Gli ultimi eredi di quel mondo se ne sono andati per sempre, in Israele o dietro il cancello arrugginito con la Stella di Davide del vecchio cimitero, e i pochi sopravvissuti sono solo evanescenti presenze.
L’inestricabile gioco di rimandi culturali di Matancherry continua davanti agli affreschi erotico-divini della cosmogonia induista nella residenza degli ultimi maharaja, dove la prosperosa Mohini seduce Shiva e un indaffaratissimo Khrisna è impegnato a titillare con sei mani e due piedi otto gopis, le sue amanti, in rappresentanza del mirabolante numero di oltre sedicimila concubine. Le radici induiste si materializzano soprattutto nella luce fioca dei templi, lontano dai turisti, quando le rappresentazioni del Kathakali trasformano gli uomini in dei e demoni di poemi epici come il Mahabaratha e il Ramayana
Nel frattempo gigantesche portacontainer che non trasportano più spezie ma Made in India sfilano davanti alle ultime reti cinesi e i camion frigorifero caricano il pesce al ritmo di jingles elettronici che si liquefanno nell’aria immobile. Dietro le ultime case olandesi resta la tomba vuota di Vasco da Gama nella cattedrale portoghese di Saint Francis (dopo quattordici anni di piogge monsoniche, il poco che ne restava fu riportato con tutti gli onori a Lisbona) e i risentimenti di padre Yohamman, della chiesa siro-caldea di Marth Mariam.

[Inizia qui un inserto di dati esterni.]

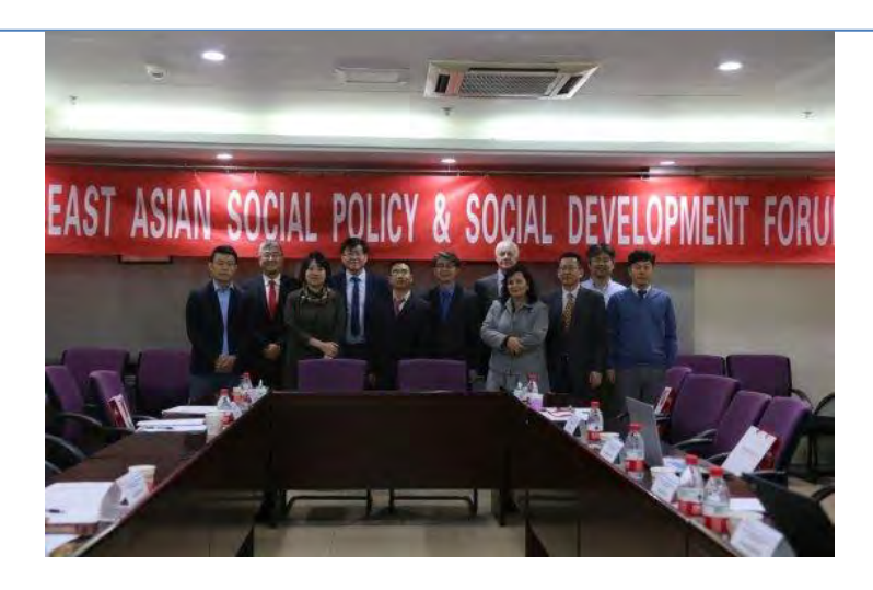
Social Assistance Comprehensive Reform Pilot Area Exchange Conference -

«Da quando hanno ucciso Arius le cose sono cambiate anche qui, parlo del vescovo ovviamente» aggiunge con un’aria vagamente infastidita, indifferente al fatto di farmi precipi- tare in un vorticoso abisso temporale di eresie come quella ariana che risale a sedici secoli. I cristiani siriaci locali non hanno dubbi sul fatto che la loro presenza risalga a San Tommaso in persona, che avrebbe fondato sette comunità in Malabar per poi finire martirizzato nel vicino Tamil Nadu. Una leggenda che la scoperta della facilità di comunicazioni tra Medio Oriente e Malabar ha trasformato in un’ipotesi plausibile, rafforzata anche dai Rampan Pattu, antichi poemi orali che parlano dell’apostolo con indicazioni storiche sconosciute alla cultura locale.
«Il Kerala è un fiore dove ogni petalo è una religione» spiega serafico padre Josep nella Miracle Church di Kokkamangalam, eretta sul luogo dove sarebbe sbarcato San Tommaso. «Per questo qui vengono anche pellegrini indù e musulmani» conclude trionfante, tacendo pudicamente quello che mi confessa uno di loro, «molti pensano che uno straniero come San Tommaso sappia cavarsela meglio con le faccende che riguardano l’estero». Storie arrivate con i monsoni che toccano terra proprio in Kerala, «il luogo dove nasce la pioggia» e il profumo delle spezie impregna sottili melanconie che sanno d’Arabia e Occidente.